───── Data in this exercise ─────

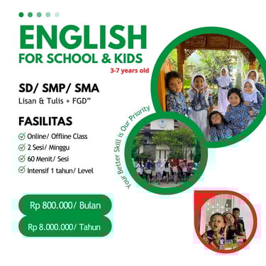 Kami membuka Program Les Bahasa Inggris di Kepanjen untuk berbagai usia dengan metode fun, komunikatif, dan terarah, cocok untuk anak-anak hingga dewasa.
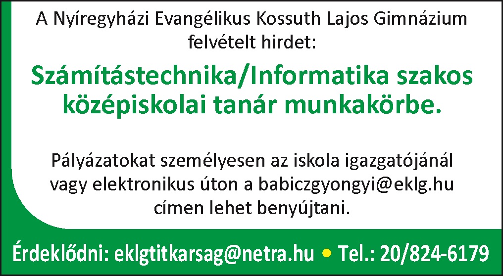 Számítástechnika, informatika szakos középiskolai tanárt keresnek a Kossuth Gimnáziumban
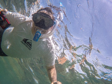 Not wanting to get too far away from everyone, I stuck to the area just south of the first island and waited for everyone to join me. The currents were strong during our visit and care had to be taken when near an exposed bit of the reef but it was great fun to ride the current, especially when the Bream were doing the same thing and you could follow them with ease. Everyone was soon together and Aron wanted a group circle selfie from below but I don't think the lens was quite wide enough to get everyone in. We all parted and I stayed with Caris for a little while as I didn't think she would be too keen on the further out sections of reef (she loves sharks but doesn't like the idea of being chomped by one). We continued to spot different types of fish and eventually we were separated again. The current took me further out towards the second island and I discovered some really cool sections with deeper channels. Not wanting to go too far away from the others (diver safety is crucial), I only spent a little while here but wish I had more time to venture out further. Everyone was slowly making their way in so I decided it was best to join them. Exploring the area around the Turn Island again, this was one of the more pleasant snorkels I've had in a while. The water from far from crowded (anyone who's visited Omeo on the weekend knows what crowded is), visibility was good and there were plenty of fish hanging about. Add in the whole squad being there and it was great fun.
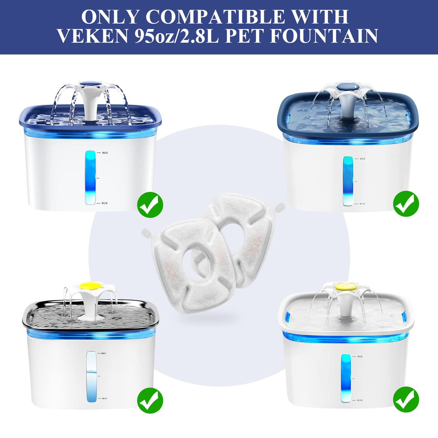 Homefio Cat Fountain Filter Is Only Compatible With Veken 95Oz/2.8L Pet Fountain.&Nbsp;To Help Your Cat Get Into The Habit Of Drinking Water, We Need To Make Sure The Water They Drink Is Enough Fresh And Pure.So We Need To Replace The Cat Fountain Filter Regularly.How Does The Carbon Filter Work For?Cat Filter For Water Fountain Is Made Of Non-Woven Fabric, Ion Exchange Resin And Activated Carbon. Every Part Of The Material Builds A Triple-Filtration System.?Catch Hair, Debris, And Residue;?Filter Heavy Mental, Ions, And Chlorine;?Remove Odor And Absorb Soluble Impurities.When You Replace The Filter Every 2-4 Weeks You Will See The Impurities On The Fabric Layer'S Surface. So Regularly Replacing The Filter Can Maintain A Better Effect.Faqq: Is The Filter Compatible With Veken 84Oz/2.5La: No, It'S Only Compatible With Their 95Oz/2.8L Pet Fountainq: How Long Should I Replace The Filter And Foam?A: 2-4 Weeks. You'D Better Replace It According To Your Pet'S Drinking Frequency And The Number Of Pets Using The Fountain.
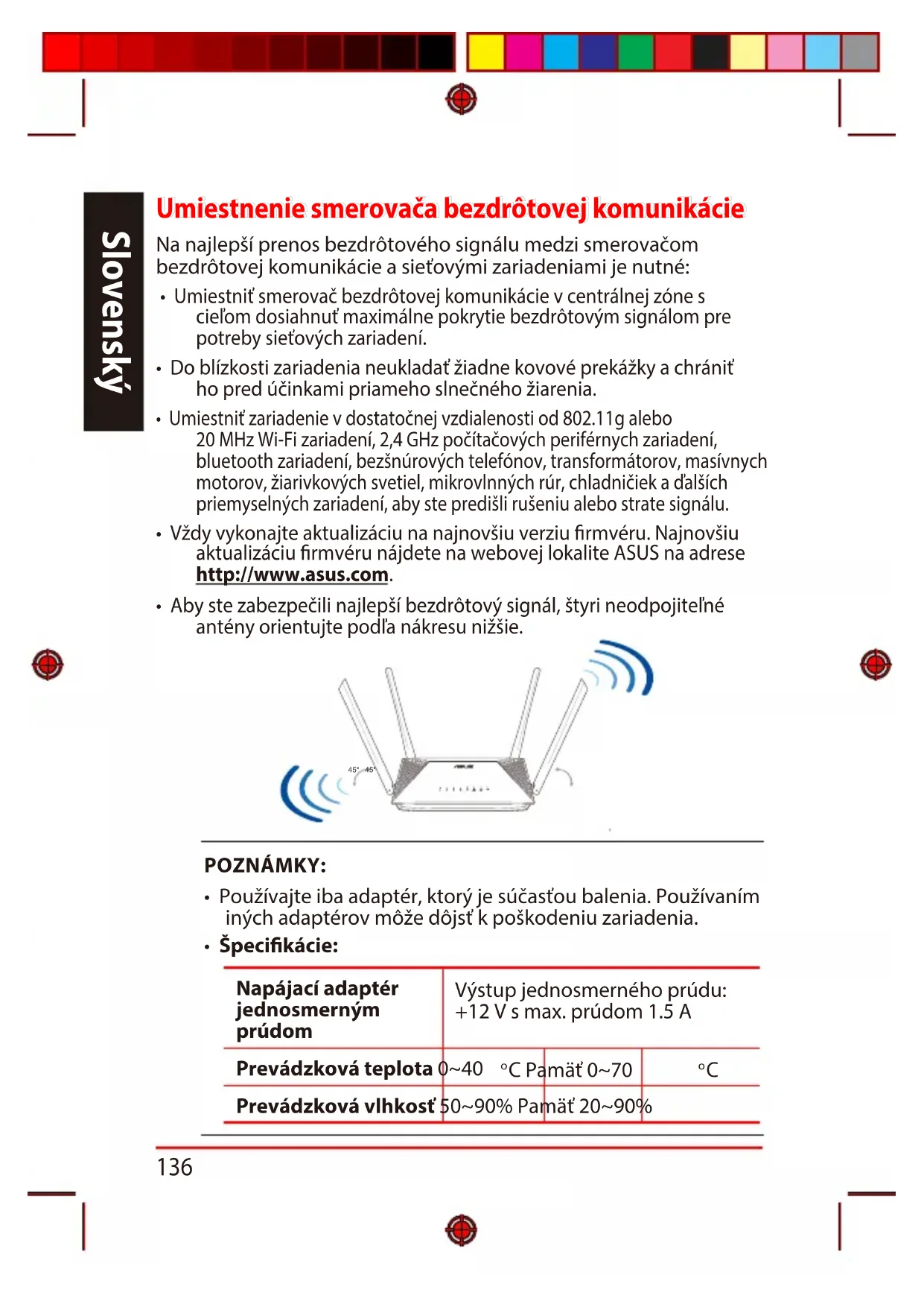 Slovenský Umiestnenie smerovača bezdrôtovej komunikácie Umiestnenie smerovača bezdrôtovej komunikácie Na najlepší prenos bezdrôtového signálu medzi smerovačom bezdrôtovej komunikácie a sieťovými zariadeniami je nutné:
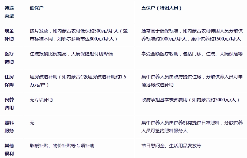 五保户补助:通常高于低保户(如内蒙古特困人员补助比低保高约500-1000元/月·人)。

─────

- Your assignment -
Omit the pictures. Print, word for word, the lines from the beginning of the entries above through the line that holds "Számítástechnika, informatika szakos".

- Answer section -
 Kami membuka Program Les Bahasa Inggris di Kepanjen untuk berbagai usia dengan metode fun, komunikatif, dan terarah, cocok untuk anak-anak hingga dewasa.
 Számítástechnika, informatika szakos középiskolai tanárt keresnek a Kossuth Gimnáziumban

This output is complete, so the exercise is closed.